Die Bayernkrise schreitet voran

Aktualisiert Mai 2021

Die Redaktion
Von Die Redaktion
Redakteur

Die erste Bayernkrise der noch jungen Saison ist da. Der Rekordmeister strauchelte zum zweiten Mal in Folge und konnte gegen Hoffenheim und Augsburg insgesamt nur einen Zähler holen. Dazu gesellen sich ein unzufriedener Thomas Müller und ein schwer verletzter Niklas Süle. Was läuft falsch an der Säbener Straße?

Vor knapp drei Wochen war in München alles im Lot. Man war Tabellenführer und beeindruckte ganz Europa. Mit 7:2 gewann man gegen Tottenham und alle sprachen davon, dass die Bayern nun einer der Topfavoriten auf den Henkelpott seien. Auch die Stimmung in der Mannschaft war glänzend. Dazu hatte man kaum Verletzte zu beklagen. Jetzt, 20 Tage später, hat sich die Situation drastisch verändert. Die Münchner vergeigten die letzten beiden Bundesligaspiele. Nicht etwa gegen starke Gegner, sondern gegen Hoffenheim und Augsburg. Hoffenheim gewann vor zwei Wochen in der Allianz Arena mit 2:1. Gegen den FCA führte man mit 2:1 und ging fahrlässig mit den Chancen um. Ohne Zielstrebigkeit kassierte man in der Nachspielzeit noch den Ausgleich und musste sich mit einem Zähler zufriedengeben. Nach diesen beiden Spielen ruft Fußball-Deutschland die Bayernkrise aus. Auch, wenn beim Blick auf die Tabelle lediglich ein Punkt zur Tabellenführung fehlt.

Fehlende Konzentration

Dies liegt aber nicht an den Bayern, sondern an der gänzlich fehlenden Konstanz aller anderen Bundesligisten. In München wird nun alles in Frage gestellt. Während man vor drei Wochen Trainer, Spieler und Neuzugänge über den grünen Klee lobte, ist plötzlich alles unzureichend. Auch Trainer Niko Kovac steht wieder mächtig in der Kritik. Das, was seinen Münchnern in Augsburg die Punkte gekostet hat, hat er allerdings nicht zu verantworten.

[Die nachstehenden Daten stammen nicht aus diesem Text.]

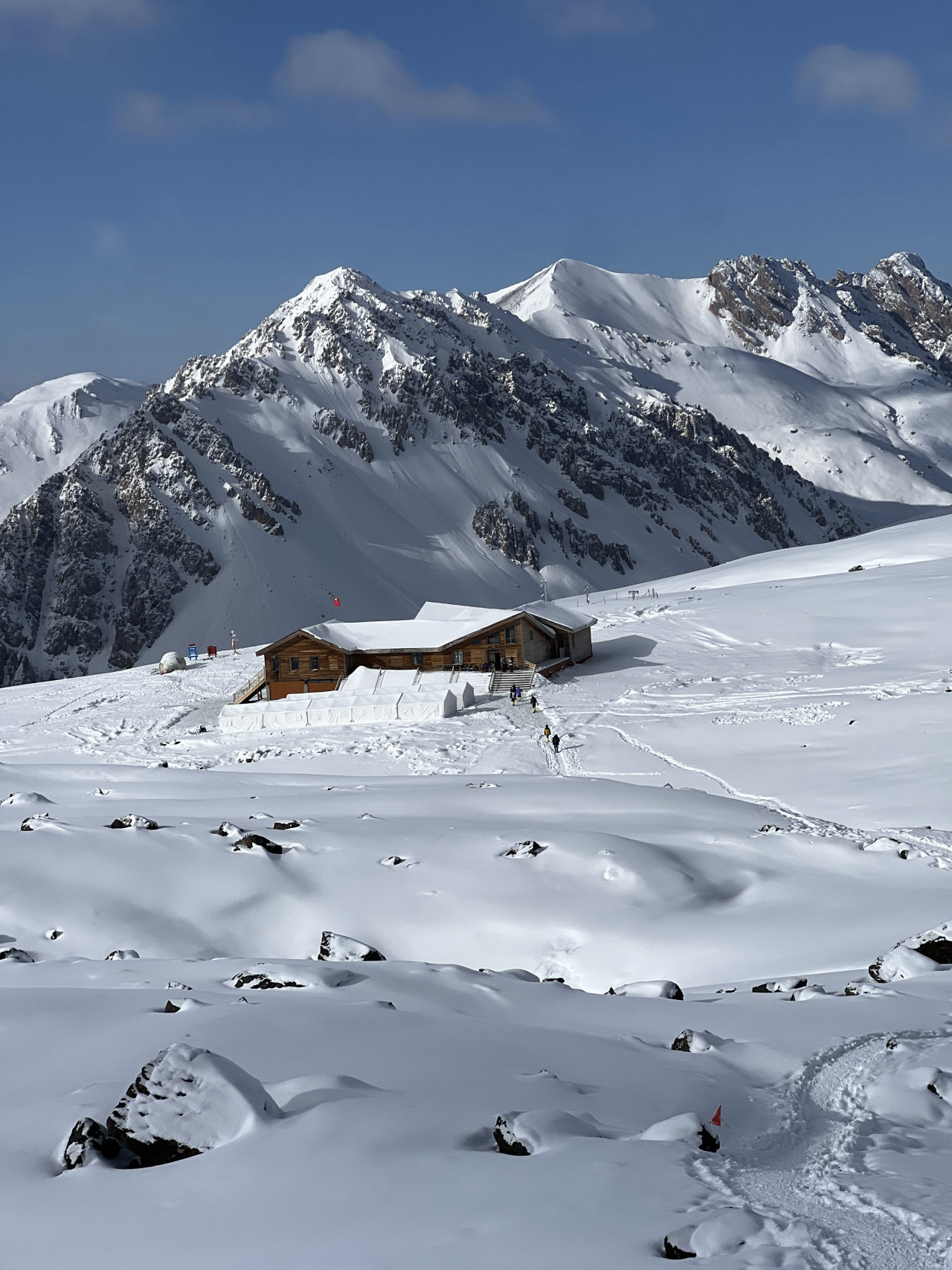 岗什卡雪峰大本营属于门源政府投资建设,设有会议厅,厨房,住宿,环保厕所,休息厅等(大本营部分手机有4G网络信号)。

Den elf auf dem Platz stehenden Akteuren fehlte es am vergangenen Samstag an Konzentration und Disziplin. Nach nicht einmal 30 Sekunden kassierte man schläfrig das 0:1. Als man besser in der Partie war, vergaben Gnabry, Coutinho, Lewandowski und Co. die besten Chancen zur Entscheidung. In der Nachspielzeit ließ man die Augsburger gewähren und fing sich folgerichtig noch den Ausgleich. Die versammelte Weltklasse wirkte lustlos und wollte sich nicht mit letzter Konsequenz aufbäumen. Wie erklärt man sich die fehlende Leistungsbereitschaft der Bayernprofis?

Unzufriedene Spieler

Obendrein verletzte sich auch noch Bayerns Abwehrchef Niklas Süle schwer am Knie. Er erlitt einen Kreuzbandriss und wird frühestens im April wieder mitwirken können. Ein herber Verlust für die Bayern, denn Süle ist der stabilste und beste Defensivakteur. Wie wird man die Schwächung kompensieren? Mit Lucas Hernandez, Benjamin Pavard, Jerome Boateng und Javi Martinez stehen vier Spieler parat, die Niko Kovac in der Innenverteidigung einplanen könnte. Moderieren muss er auch die Unzufriedenheit der Ersatzspieler. Zu ihnen zählt allen voran Thomas Müller. Laut Kovac ist das Verhältnis intakt. Darf Müller in den kommenden Wochen allerdings nicht regelmäßig auflaufen, steht noch immer ein Wechsel im Raum. Setzt der Coach nach Süles Ausfall nicht auf Boateng, könnte auch er im Winter weg wollen. Klar ist: Die nächsten Spiele müssen allesamt mit einer überzeugenden Leistung gewonnen werden. Gelingt das nicht, wird die Lage in München immer gefährlicher und die Luft für Kovac dünner.